I was helping translate some UI text for a website from English to German, my mother tongue. I found that usually the machine came up with better translations than me.

2 comments

English and German are EU languages. Russian is not.

The EU maintains a large translation service to translate most EU official texts into all EU languages. So Google Translate is using that to train on. Google gets a free gift from a multinational bureaucracy and gets to look like a smart company in the process.

This is also why English-Mandarin is often poorly translated, in my opinion.

Doesn't that mean it's just inevitable what will happen.

The question is not longer IF machines are capable, the question is WHEN. And the when is no longer decades away.

>This is also why English-Mandarin is often poorly translated, in my opinion.

Shockingly, this is something that Yandex Translate absolutely excels at.

> Google gets a free gift from a multinational bureaucracy and gets to look like a smart company in the process

it would have cost you exactly nothing to not make an unnecessary dig at Europeans, here

> Google gets a free gift from a multinational bureaucracy and gets to look like a smart company in the process.

Luckily, that gift is available for free to everyone. So it seems like a half-decent thing to do with tax payer money.

Perhaps you are not a translator. Translating is a skill that is more than simply being bilingual.
I am a professional translator, and I have been using LLMs to speed up and, yes, improve my translations for a year and a half.

When properly prompted, the LLMs produce reasonably accurate and natural translations, but sometimes there are mistakes (often the result of ambiguities in the source text) or the sentences don’t flow together as smoothly as I would like. So I check and polish the translations sentence by sentence. While I’m doing that, I sometimes encounter a word or phrase that just doesn’t sound right to me but that I can’t think how to fix. In those cases, I give the LLMs the original and draft translation and ask for ten variations of the problematic sentence. Most of the suggestions wouldn’t work well, but there are usually two or three that I like and that are better than what I could come up with on my own.

Lately I have also been using LLMs as editors: I feed one the entire source text and the draft translation, and I ask for suggestions for corrections and improvements to the translation. I adopt the suggestions I like, and then I run the revised translation through another LLM with the same prompt. After five or six iterations, I do a final read-through of the translation to make sure everything is okay.

My guess is that using LLMs like this cuts my total translation time by close to half while raising the quality of the finished product by some significant but difficult-to-quantify amount.
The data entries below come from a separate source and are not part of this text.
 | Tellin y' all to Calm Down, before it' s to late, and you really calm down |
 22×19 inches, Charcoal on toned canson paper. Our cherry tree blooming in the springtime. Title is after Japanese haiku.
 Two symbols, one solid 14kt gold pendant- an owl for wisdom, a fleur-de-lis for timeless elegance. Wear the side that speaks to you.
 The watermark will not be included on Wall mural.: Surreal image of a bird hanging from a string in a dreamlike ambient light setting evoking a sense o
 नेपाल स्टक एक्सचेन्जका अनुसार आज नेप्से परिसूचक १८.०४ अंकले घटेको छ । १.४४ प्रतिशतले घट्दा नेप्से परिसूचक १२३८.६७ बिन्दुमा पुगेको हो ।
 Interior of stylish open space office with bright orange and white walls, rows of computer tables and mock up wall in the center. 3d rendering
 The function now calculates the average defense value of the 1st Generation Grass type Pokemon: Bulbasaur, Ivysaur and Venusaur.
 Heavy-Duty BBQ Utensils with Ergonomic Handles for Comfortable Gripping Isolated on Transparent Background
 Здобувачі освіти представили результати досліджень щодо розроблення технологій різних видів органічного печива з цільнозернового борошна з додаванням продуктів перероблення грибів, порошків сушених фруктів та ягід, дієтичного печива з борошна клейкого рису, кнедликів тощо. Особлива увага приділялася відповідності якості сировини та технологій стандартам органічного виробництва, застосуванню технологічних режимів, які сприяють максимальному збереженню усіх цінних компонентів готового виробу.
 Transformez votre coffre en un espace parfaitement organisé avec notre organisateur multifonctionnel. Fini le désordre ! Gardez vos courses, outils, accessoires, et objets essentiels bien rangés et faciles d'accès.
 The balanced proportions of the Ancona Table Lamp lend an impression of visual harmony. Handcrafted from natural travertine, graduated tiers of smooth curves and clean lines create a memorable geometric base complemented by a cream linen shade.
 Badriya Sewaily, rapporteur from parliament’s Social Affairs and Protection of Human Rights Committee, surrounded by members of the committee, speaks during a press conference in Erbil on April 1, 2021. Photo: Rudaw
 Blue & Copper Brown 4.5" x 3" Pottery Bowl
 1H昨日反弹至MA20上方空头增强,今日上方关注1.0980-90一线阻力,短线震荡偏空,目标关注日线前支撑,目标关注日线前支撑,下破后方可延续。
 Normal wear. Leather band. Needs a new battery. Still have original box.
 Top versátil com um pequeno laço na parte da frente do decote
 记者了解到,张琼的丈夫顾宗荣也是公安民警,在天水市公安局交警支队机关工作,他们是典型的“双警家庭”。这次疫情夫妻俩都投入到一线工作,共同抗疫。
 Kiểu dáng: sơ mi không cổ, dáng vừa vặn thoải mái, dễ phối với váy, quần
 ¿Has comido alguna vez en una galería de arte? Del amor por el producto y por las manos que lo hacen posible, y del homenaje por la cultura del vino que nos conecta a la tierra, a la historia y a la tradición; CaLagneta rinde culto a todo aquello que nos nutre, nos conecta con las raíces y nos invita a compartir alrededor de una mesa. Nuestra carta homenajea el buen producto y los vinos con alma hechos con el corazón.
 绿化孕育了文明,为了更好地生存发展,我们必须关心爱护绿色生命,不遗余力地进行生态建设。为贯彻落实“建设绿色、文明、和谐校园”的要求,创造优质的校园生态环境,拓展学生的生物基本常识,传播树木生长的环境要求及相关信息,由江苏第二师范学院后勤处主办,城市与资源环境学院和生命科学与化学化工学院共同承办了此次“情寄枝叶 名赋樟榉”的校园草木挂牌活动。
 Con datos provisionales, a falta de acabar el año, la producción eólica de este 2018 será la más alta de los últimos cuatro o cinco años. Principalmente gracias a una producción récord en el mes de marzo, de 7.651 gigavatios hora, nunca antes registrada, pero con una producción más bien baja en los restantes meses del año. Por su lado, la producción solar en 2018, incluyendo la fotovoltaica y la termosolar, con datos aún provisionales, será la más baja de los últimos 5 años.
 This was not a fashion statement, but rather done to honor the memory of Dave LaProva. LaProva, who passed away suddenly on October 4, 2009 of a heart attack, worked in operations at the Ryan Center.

This process became feasible only after ChatGPT, Claude, and Gemini got longer context windows. Each new model release has performed better than the previous one, too. I’ve also tried open-weight models, but they were significantly worse for Japanese to English, the direction I translate.

Although I am not a software developer, I’ve been following the debates on HN about whether or not LLMs are useful as coding assistants with much interest. My guess is that the disagreements are due partly to the different work situations of the people on both sides of the issue. But I also wonder if some of those who reject AI assistance just haven’t been able to find a suitable interactive workflow for using it.

> While I’m doing that, I sometimes encounter a word or phrase that just doesn’t sound right to me but that I can’t think how to fix. In those cases, I give the LLMs the original and draft translation and ask for ten variations of the problematic sentence. Most of the suggestions wouldn’t work well, but there are usually two or three that I like and that are better than what I could come up with on my own.

Yes, coming up with variations that work better (and hit the right connotations) is what I used the machine for, too.